● **WHAT TO PRODUCE**: Copy only the lines from the one with "小米扬声器清灰功能在「设置」->「更多设置」->「扬声器清理」里面。" through the end of the records, exactly as they stand. No pictures belong in the copy.
Start of EXTRACTED MATERIAL
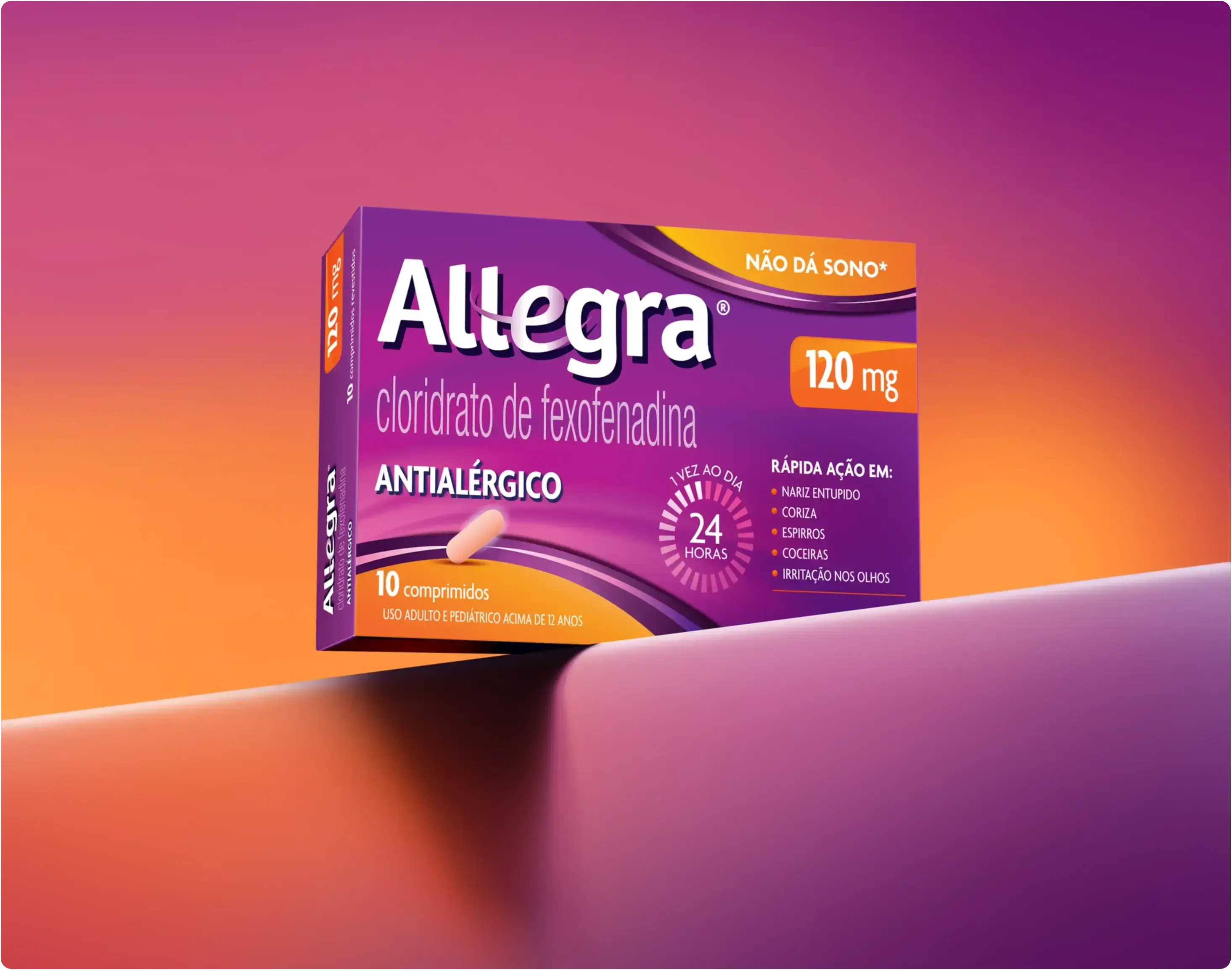 ALLEGRA® (cloridrato de fexofenadina). Indicações: é um anti-histamínico destinado ao tratamento das manifestações alérgicas, tais como sintomas de rinite alérgica (incluindo espirros, obstrução nasal, prurido, coriza, conjuntivite alérgica) e urticária (erupção avermelhada e pruriginosa na pele). MS: 1.8620.0010. O USO DO MEDICAMENTO PODE TRAZER ALGUNS RISCOS. Leia atentamente a bula. SE PERSISTIREM OS SINTOMAS, O MÉDICO DEVERÁ SER CONSULTADO. Mar/2025. MAT-BR-2501100
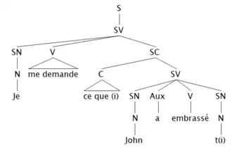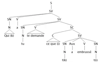 - [Quik a [tu te demande [ce quei [tk a embrassé ti]]] ?[3]
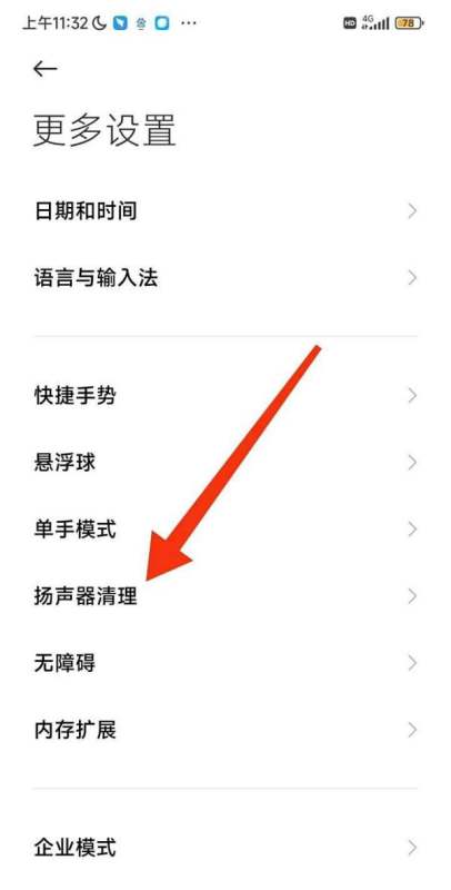 小米扬声器清灰功能在「设置」->「更多设置」->「扬声器清理」里面。
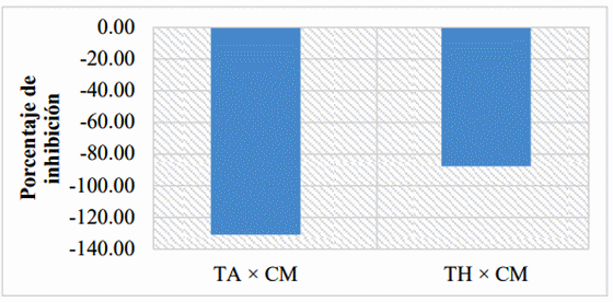 Figura 58. Inhibición de la germinación de Trichoderma asperellum (TA) y T. harzianum (TH) en cultivo dual con Colletotrichum asianum (CM) en medio PDA a 25 °C
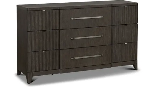 A multi-step finish and vertical reeding adds depth and a contemporary touch to the piece, creating a unique and visually captivating appearance. Available in either a champagne or mocha finish. Zi...
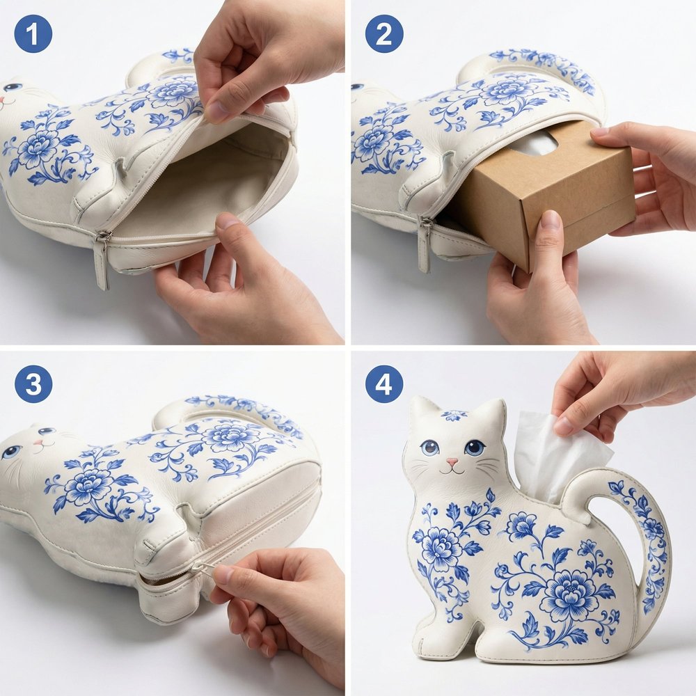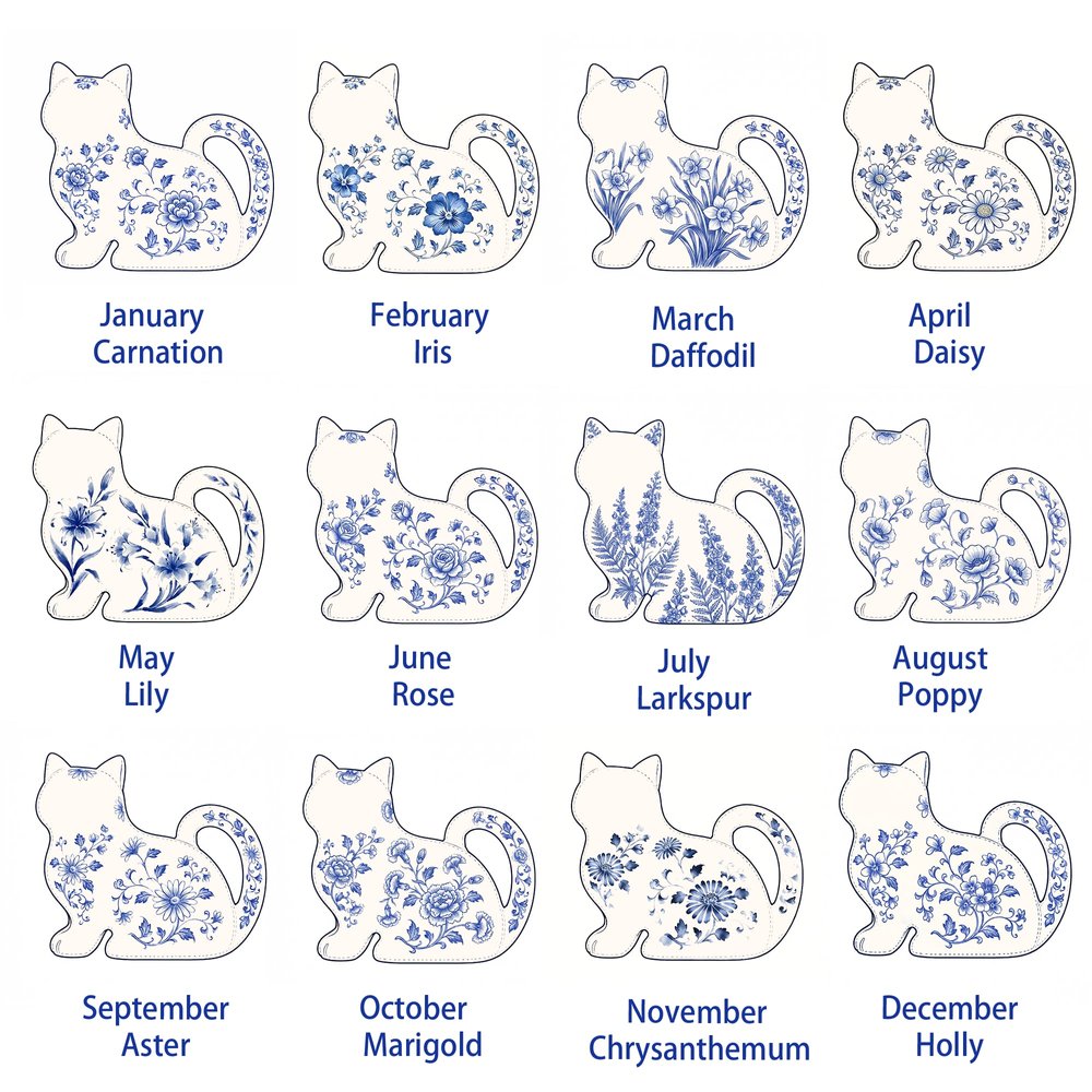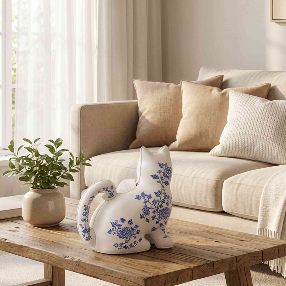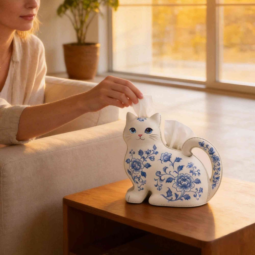This Personalized Cat-Themed Tissue Box Cover features an adorable cat silhouette with a curled tail handle, adorned with elegant blue-and-white porcelain-style birth flower patterns, turning a mundane everyday item into a whimsical home accent that adds warmth and personality to any room while celebrating the recipient’s love for cats and unique decor.
End of EXTRACTED MATERIAL
● **RESPONSE AREA**:
 小米扬声器清灰功能在「设置」->「更多设置」->「扬声器清理」里面。
 Figura 58. Inhibición de la germinación de Trichoderma asperellum (TA) y T. harzianum (TH) en cultivo dual con Colletotrichum asianum (CM) en medio PDA a 25 °C
 A multi-step finish and vertical reeding adds depth and a contemporary touch to the piece, creating a unique and visually captivating appearance. Available in either a champagne or mocha finish. Zi...
This Personalized Cat-Themed Tissue Box Cover features an adorable cat silhouette with a curled tail handle, adorned with elegant blue-and-white porcelain-style birth flower patterns, turning a mundane everyday item into a whimsical home accent that adds warmth and personality to any room while celebrating the recipient’s love for cats and unique decor.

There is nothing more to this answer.